Microsoft recently purchased over ten million strands of synthetic DNA for the purpose of advancing the newest frontier of digital data storage technology.
Digital data storage technology is constantly under pressure to develop and advance to enable the safe storage of more data; after all, the amount of digital data in the world doubles nearly every two years. This is part of the reason the last ten years has seen the further development of hard drives as well as the invention of solid-state drives, flash drives, and 3D NAND, and ongoing experiments with storing data in quartz and even with sound.
The latest iteration of this constant effort to create technology fit to store the exponential growth of digital data is perhaps more surprising than any other mediatized experiment. Microsoft will be attempting to store digital data directly onto DNA.
According to the tech mogul, its experiments are made possible by a partnership with Twist Bioscience.
“[The] vast majority of digital data is stored on media that has a finite shelf life and periodically needs to be re-encoded. DNA is a promising storage media, as it has a known shelf life of several thousand years, offers a permanent storage and can be read for continuously decreasing costs,” explained Emily Leproust, CEO of Twist Bioscience.
Because the digital universe is expected to make up 44 trillion gigabytes by 2020, Twist Bioscience claims that using DNA for archival purposes is the best solution for data storage in terms of aiming for long lifespans and high data density. After all, with only a single gram of DNA. it’s possible to store nearly one trillion gigabytes of digital data.
Storing data on DNA was first proposed and proven possible by Harvard geneticist George Church. He was able to encode a book in DNA.
It’s also important to note that Twist Bioscience can create a custom DNA sequence for only 10 cents per base. The company’s R&D team are currently working around the clock to find ways to bring that cost down to two cents per base. Twist Bioscience currently mass produces synthetic DNA using its own cutting edge machines. They used to manufacture bits of DNA to place into microbes, which in turn would produce desirable nutrients.
How exactly is digital information written onto DNA? Put simply, the data is translated into genetic code, which is written with base pairs A and C, G and T. Combinations of these base pairs represent the chemical building blocks of DNA, but they can also represent the binary building blocks of digital information.

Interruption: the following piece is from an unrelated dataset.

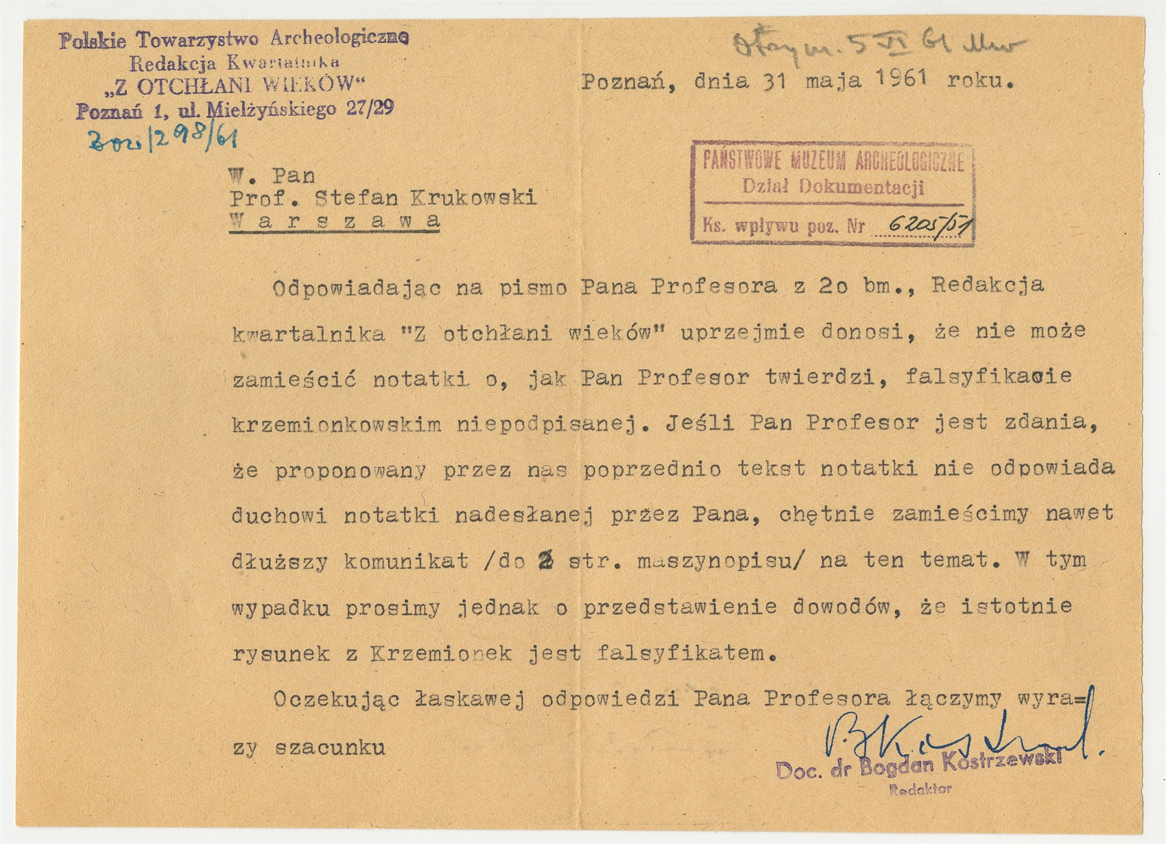 Maszynopis - list Bogdana Kostrzewskiego do Stefana Krukowskiego z dnia 31 maja 1961 roku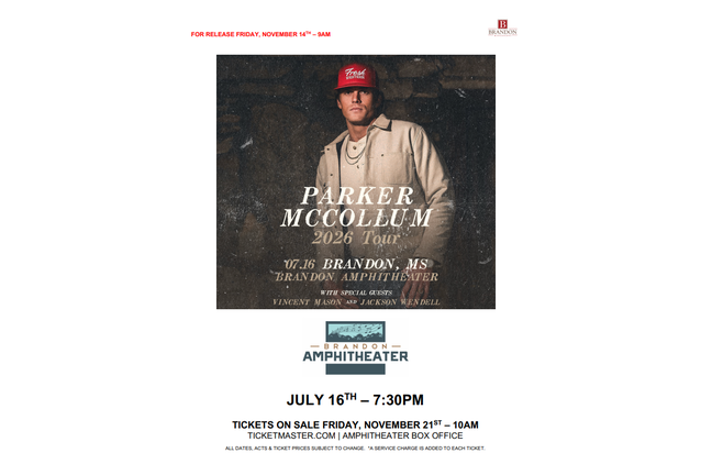 GET READY FOR THE PARKER McCOLLUM "2026 TOUR" JULY 16, 7:30 AT THE BRANDON AMPHITHEATER WITH SPECIAL GUEST VINCENT MASON AND JACKSON WENDELL. LOCK US IN TO WIM ON MISS 103!

This has been confirmed by tests conducted jointly by Microsoft and Twist Bioscience in which 100 percent of digital data could be encoded and recovered from silicon-based synthetic DNA.
“They give us the DNA sequence, we make the DNA from scratch,” Leproust continued. Perhaps a relief to cybersecurity activists, this process can be done without the DNA producer having any idea what the digital data actually is. Apparently even during the test with Microsoft, Twist Bioscience “[didn’t] have the decoder key, so [they had] no idea what it is.”
Doug Carmean, a member of Microsoft’s technology and research division, had this to say about the ongoing project: “We’re still years away from a commercially-viable product, but our early tests with Twist demonstrate that in the future we’ll be able to substantially increase the density and durability of data storage.”
DNA sequencing continues to drop in price as the years go on. For example, the Human Genome Project, which ran for thirteen years and ended in 2003, cost $3 billion to carry through. This year, the same task could be performed for around $1,000. The dropping price of services coupled with the American Chemical Society’s confirmation that DNA could store data for up to 2,000 years without deterioration all seem to imply that Microsoft might be onto something.